'''
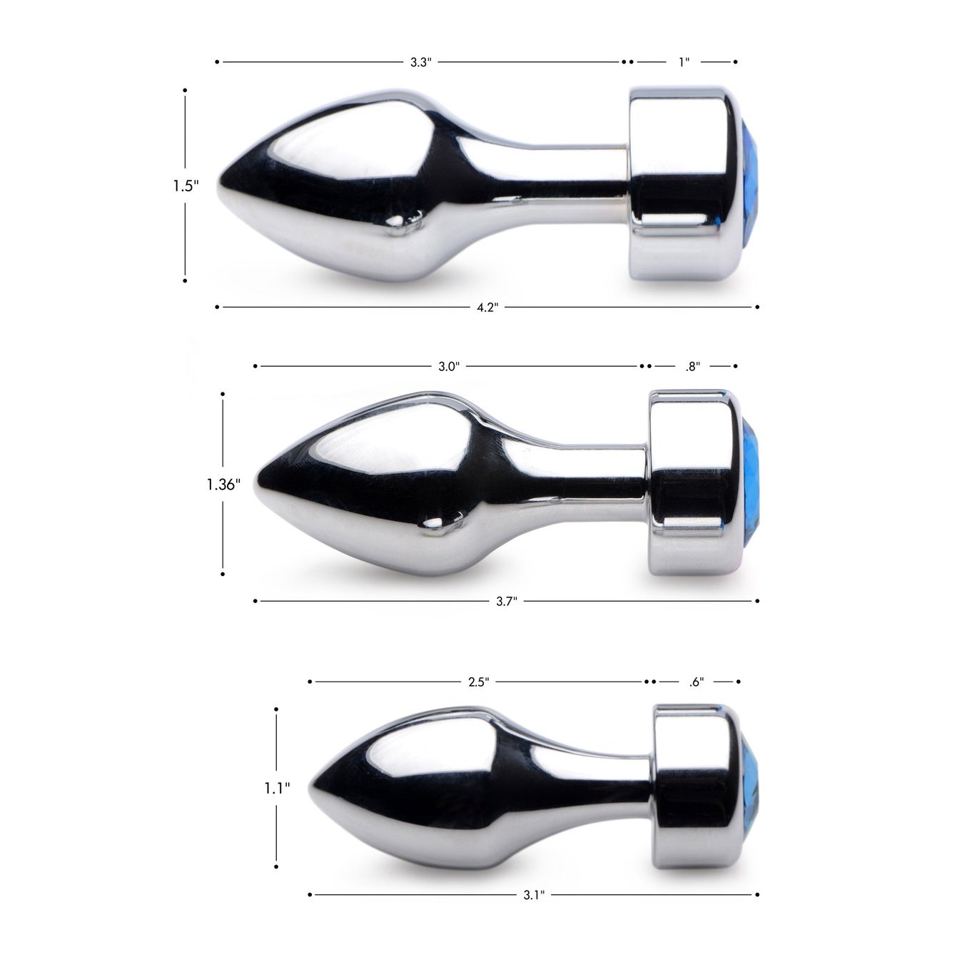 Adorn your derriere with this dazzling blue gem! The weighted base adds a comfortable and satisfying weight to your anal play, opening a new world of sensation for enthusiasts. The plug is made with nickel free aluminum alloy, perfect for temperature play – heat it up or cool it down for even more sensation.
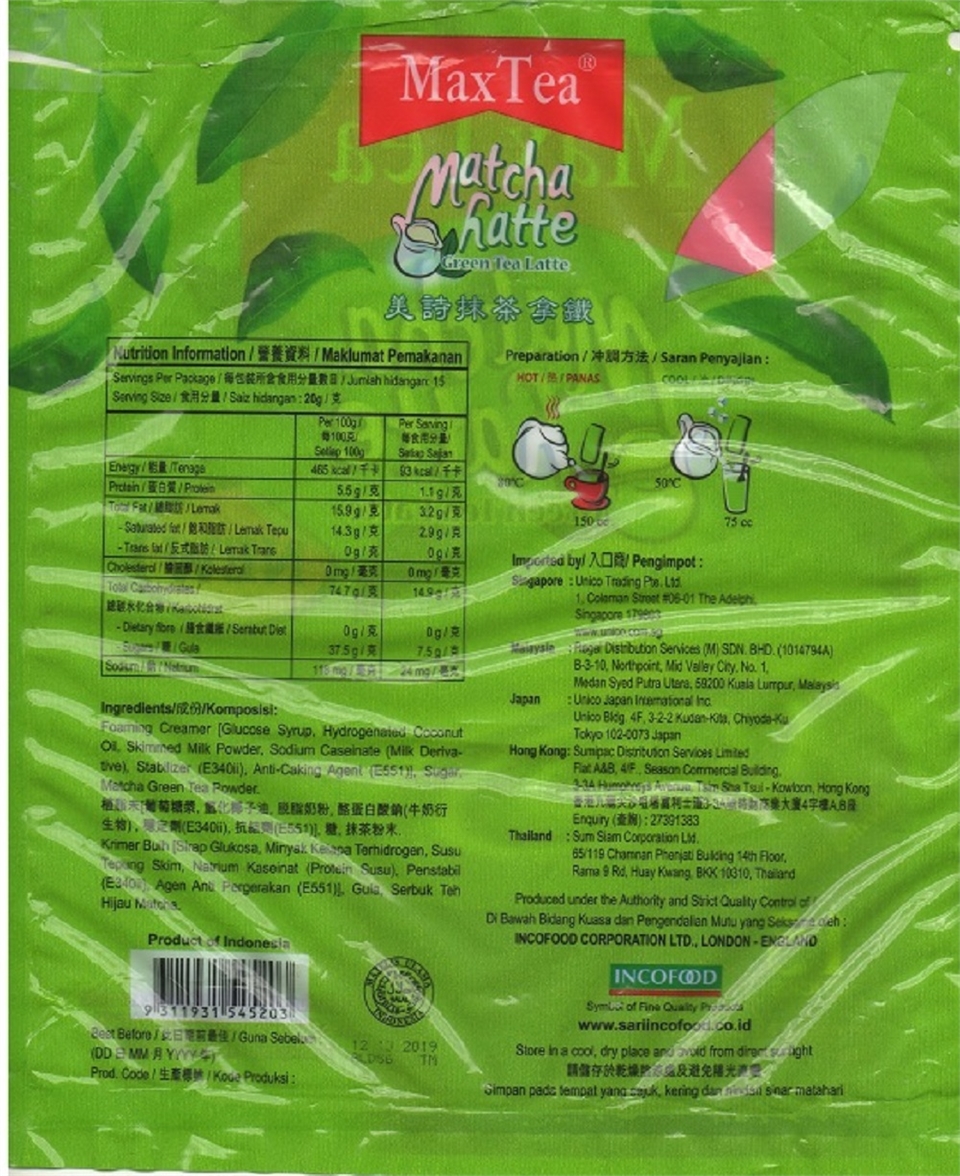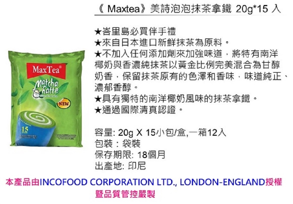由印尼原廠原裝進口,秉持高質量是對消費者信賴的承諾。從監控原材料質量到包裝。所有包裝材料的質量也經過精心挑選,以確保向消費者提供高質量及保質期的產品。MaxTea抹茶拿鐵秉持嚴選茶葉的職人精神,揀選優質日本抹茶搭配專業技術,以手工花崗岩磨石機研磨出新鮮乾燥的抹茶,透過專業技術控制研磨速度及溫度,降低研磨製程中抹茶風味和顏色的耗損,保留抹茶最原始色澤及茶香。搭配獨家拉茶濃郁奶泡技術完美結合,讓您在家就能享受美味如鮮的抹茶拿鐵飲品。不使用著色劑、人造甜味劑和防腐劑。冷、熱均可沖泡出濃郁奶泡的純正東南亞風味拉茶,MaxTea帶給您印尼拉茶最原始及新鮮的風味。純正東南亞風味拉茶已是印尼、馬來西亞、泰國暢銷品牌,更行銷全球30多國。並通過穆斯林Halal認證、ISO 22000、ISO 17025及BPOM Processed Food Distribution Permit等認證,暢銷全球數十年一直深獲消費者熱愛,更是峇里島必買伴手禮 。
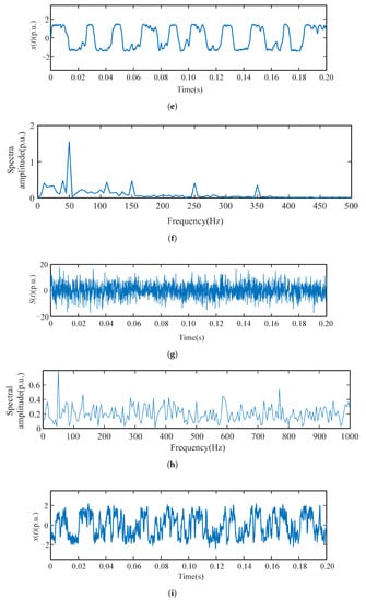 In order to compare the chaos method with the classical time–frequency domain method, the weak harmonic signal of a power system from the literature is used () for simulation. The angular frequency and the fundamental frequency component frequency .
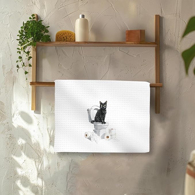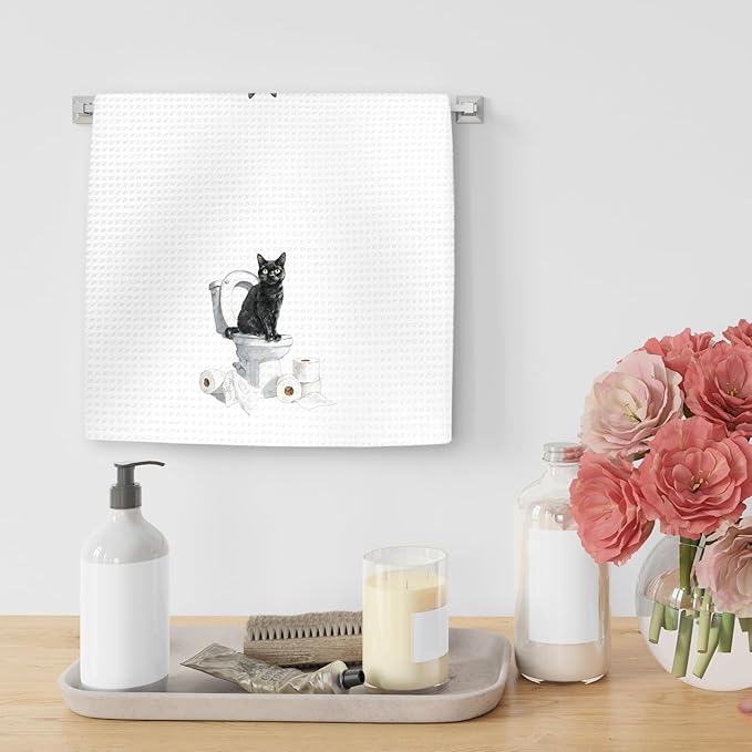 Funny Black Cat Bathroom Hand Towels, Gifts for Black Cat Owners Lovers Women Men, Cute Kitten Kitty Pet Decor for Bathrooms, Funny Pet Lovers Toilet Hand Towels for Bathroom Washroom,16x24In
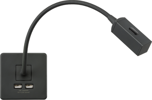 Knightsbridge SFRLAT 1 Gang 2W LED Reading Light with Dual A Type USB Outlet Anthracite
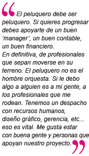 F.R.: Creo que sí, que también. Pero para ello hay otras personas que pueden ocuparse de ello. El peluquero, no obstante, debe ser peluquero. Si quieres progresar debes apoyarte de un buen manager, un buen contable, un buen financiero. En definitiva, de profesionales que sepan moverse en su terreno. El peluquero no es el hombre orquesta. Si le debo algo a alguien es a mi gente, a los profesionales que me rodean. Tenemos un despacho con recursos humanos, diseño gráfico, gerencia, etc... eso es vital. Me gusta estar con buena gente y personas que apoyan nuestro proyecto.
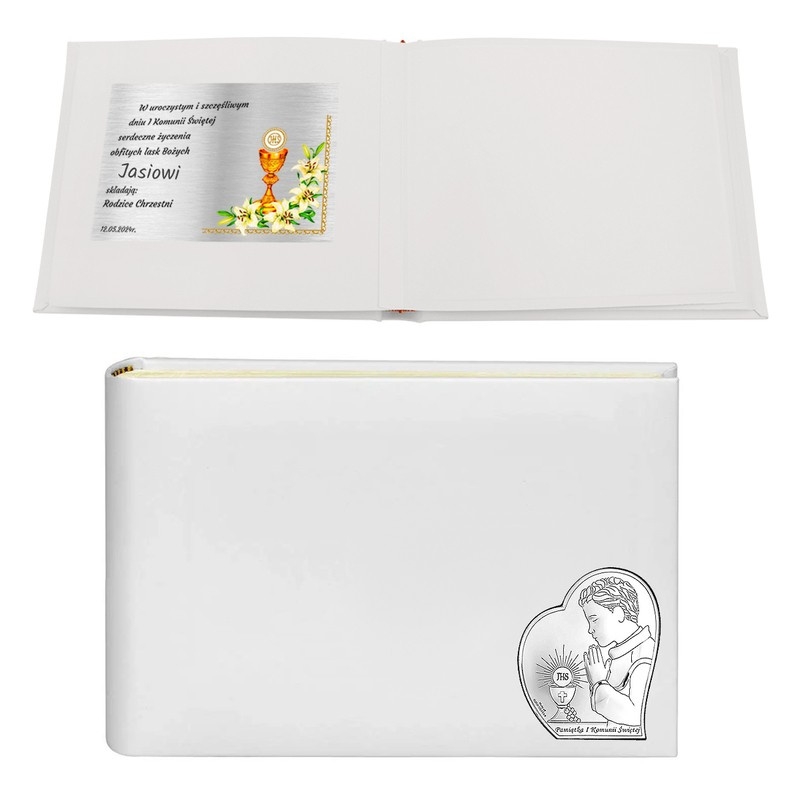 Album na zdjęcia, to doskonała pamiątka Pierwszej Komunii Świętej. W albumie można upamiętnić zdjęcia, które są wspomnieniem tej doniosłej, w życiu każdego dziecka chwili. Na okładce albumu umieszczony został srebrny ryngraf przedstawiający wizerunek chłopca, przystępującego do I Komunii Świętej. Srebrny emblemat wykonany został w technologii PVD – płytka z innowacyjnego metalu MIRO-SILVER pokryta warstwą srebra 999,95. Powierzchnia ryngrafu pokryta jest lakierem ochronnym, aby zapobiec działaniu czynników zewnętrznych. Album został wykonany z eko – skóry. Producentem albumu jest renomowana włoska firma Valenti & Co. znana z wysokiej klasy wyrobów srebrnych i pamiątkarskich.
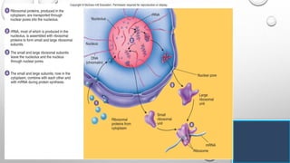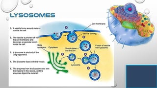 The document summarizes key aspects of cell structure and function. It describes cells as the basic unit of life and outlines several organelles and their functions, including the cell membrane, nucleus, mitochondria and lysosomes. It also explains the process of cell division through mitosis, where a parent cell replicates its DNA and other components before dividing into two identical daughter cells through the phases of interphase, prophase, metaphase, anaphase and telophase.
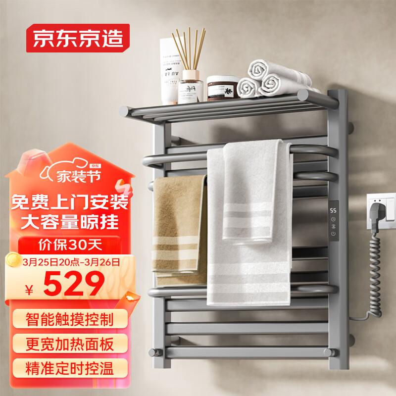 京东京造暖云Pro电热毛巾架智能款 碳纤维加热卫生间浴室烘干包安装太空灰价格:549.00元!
'''
WORK ITEM:
Give back exactly the lines above that run from the one with "Funny Black Cat" to the one with "Knightsbridge SFRLAT 1", including both, with the pictures left out.

RESULT FOR THIS TASK:
 Funny Black Cat Bathroom Hand Towels, Gifts for Black Cat Owners Lovers Women Men, Cute Kitten Kitty Pet Decor for Bathrooms, Funny Pet Lovers Toilet Hand Towels for Bathroom Washroom,16x24In
 Knightsbridge SFRLAT 1 Gang 2W LED Reading Light with Dual A Type USB Outlet Anthracite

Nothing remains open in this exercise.